ACT3 AI supports Azure Neural TTS by default, but you can replace it entirely with a real recording for any character. This is useful when you have hired a voice actor and want their performance to drive the lipsync, when you want to use your own voice as a scratch track while the project develops, or when a character's voice has qualities (a specific accent, a distinctive quality, an emotional rawness) that no TTS voice in the library matches.
Steps
-
Open the Casting panel. In the Editor, click the Cast icon in the left sidebar. Click the character you want to assign a recorded voice to.
-
Go to the Voice tab. Click the Voice tab in the Character Detail view.
-
Click Upload Recording instead of Browse Voices. The upload dialog opens with two sub-options: Upload Full Session (all lines recorded in a single file or session) and Upload Per Line (separate audio files for each line of dialogue). For most use cases, Upload Full Session is the right choice — ACT3 AI will handle splitting the recording into individual lines.
-
Upload the audio file. ACT3 AI accepts WAV and MP3 formats. WAV is preferred for quality. Click Browse or drag the file into the upload area. Files should be recorded at 44.1 kHz or 48 kHz, mono or stereo (the system will convert to mono for processing).
-
Understand how ACT3 AI processes the uploaded audio. Once the file uploads, the system automatically: trims leading and trailing silence, normalizes the audio level to a consistent loudness target, and runs a voice activity detection pass to identify individual speech segments.
-
Match recordings to script lines (timestamp import vs manual sync). If you recorded a full session, ACT3 AI attempts to auto-match speech segments to the character's dialogue lines in the script using a phonetic alignment algorithm. Review the auto-matches:
- Green segments are matched with high confidence.

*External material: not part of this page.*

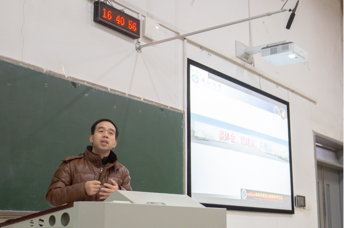 会议第二项,教师代表物理系主任欧阳方平教授就个人十多年培养本科生的经历做了报告,他提到,毕业设计是提升学生能力的大好机会,大家要从思想上高度重视;他建议同学们投入足够的时间、多请教、多思考,努力夯实基础。会议第三项,学生代表应物1601班张熙同学发表了讲话,他首先代表16级全体学生向辛勤付出的老师们表达了感谢,也表达了要扎扎实实保质保量完成毕业生设计的决心;他呼吁同学们,第一,努力学习,勤于实践,探索真知;第二,遇到不会的问题要虚心求教;第三,诚实守信,坚守本心,要对自己对学院对学校负责。

- Yellow segments are matched but should be reviewed.
- Red segments were not matched and need to be assigned manually by dragging them to the correct line.
-
Assign unmatched segments manually. For any red segment, click it to play it, then drag it to the corresponding dialogue line in the list. This is quick for a short script; for a feature-length voice session, auto-matching handles the bulk of the work.
-
Understand lipsync generation from uploaded audio. Lipsync in ACT3 AI is always derived from the audio waveform — whether that waveform comes from TTS or from an uploaded recording. Once the recording is matched to script lines, lipsync is generated exactly as it would be for a TTS voice. The AI analyzes the phoneme timing in your recording and drives mouth movement accordingly.
-
Replace a recording later. To update the recording (for example, to replace a temp scratch track with the final voice actor session), return to the Voice tab and click Replace Recording. Upload the new file and re-run the matching step. Shots with already-generated lipsync will need to be regenerated to reflect the new audio.
Tips
- Record in a quiet space with a consistent ambient noise floor — background noise in a reference recording will make phoneme detection less accurate and degrade lipsync quality. A closet full of clothes is a surprisingly effective vocal booth.
- If you are recording a scratch track on your phone, speak clearly and at a normal conversational pace. Rushed temp tracks with mumbled words are harder to auto-match to script lines.
- Do not clip the audio during recording. Set levels so the loudest line peaks around -6 dBFS, not 0. Clipped audio cannot be restored in post-processing.